Saved data entries:
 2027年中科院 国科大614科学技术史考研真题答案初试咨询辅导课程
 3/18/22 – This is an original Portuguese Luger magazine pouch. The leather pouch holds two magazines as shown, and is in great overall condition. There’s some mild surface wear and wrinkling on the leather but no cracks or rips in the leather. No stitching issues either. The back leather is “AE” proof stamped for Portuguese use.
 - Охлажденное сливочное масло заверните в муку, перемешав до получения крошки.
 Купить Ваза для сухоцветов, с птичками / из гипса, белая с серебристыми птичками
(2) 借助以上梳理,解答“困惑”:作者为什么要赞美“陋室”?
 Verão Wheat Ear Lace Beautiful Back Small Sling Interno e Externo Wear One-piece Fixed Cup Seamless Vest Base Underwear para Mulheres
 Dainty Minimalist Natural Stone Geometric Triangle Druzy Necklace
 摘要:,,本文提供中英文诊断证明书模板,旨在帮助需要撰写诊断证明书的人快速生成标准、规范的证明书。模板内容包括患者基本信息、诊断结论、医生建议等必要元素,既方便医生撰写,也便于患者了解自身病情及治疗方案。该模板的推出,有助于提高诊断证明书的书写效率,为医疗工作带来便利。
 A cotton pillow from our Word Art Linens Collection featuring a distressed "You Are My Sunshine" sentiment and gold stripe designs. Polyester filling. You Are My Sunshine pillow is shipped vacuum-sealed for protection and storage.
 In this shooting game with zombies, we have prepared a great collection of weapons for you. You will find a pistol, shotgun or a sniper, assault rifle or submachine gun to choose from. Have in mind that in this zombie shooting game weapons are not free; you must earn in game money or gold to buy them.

Exercise aim: Output all preceding records character for character.

Exercise response:
 2027年中科院 国科大614科学技术史考研真题答案初试咨询辅导课程
 3/18/22 – This is an original Portuguese Luger magazine pouch. The leather pouch holds two magazines as shown, and is in great overall condition. There’s some mild surface wear and wrinkling on the leather but no cracks or rips in the leather. No stitching issues either. The back leather is “AE” proof stamped for Portuguese use.
 - Охлажденное сливочное масло заверните в муку, перемешав до получения крошки.
 Купить Ваза для сухоцветов, с птичками / из гипса, белая с серебристыми птичками
(2) 借助以上梳理,解答“困惑”:作者为什么要赞美“陋室”?
 Verão Wheat Ear Lace Beautiful Back Small Sling Interno e Externo Wear One-piece Fixed Cup Seamless Vest Base Underwear para Mulheres
 Dainty Minimalist Natural Stone Geometric Triangle Druzy Necklace
 摘要:,,本文提供中英文诊断证明书模板,旨在帮助需要撰写诊断证明书的人快速生成标准、规范的证明书。模板内容包括患者基本信息、诊断结论、医生建议等必要元素,既方便医生撰写,也便于患者了解自身病情及治疗方案。该模板的推出,有助于提高诊断证明书的书写效率,为医疗工作带来便利。
 A cotton pillow from our Word Art Linens Collection featuring a distressed "You Are My Sunshine" sentiment and gold stripe designs. Polyester filling. You Are My Sunshine pillow is shipped vacuum-sealed for protection and storage.
 In this shooting game with zombies, we have prepared a great collection of weapons for you. You will find a pistol, shotgun or a sniper, assault rifle or submachine gun to choose from. Have in mind that in this zombie shooting game weapons are not free; you must earn in game money or gold to buy them.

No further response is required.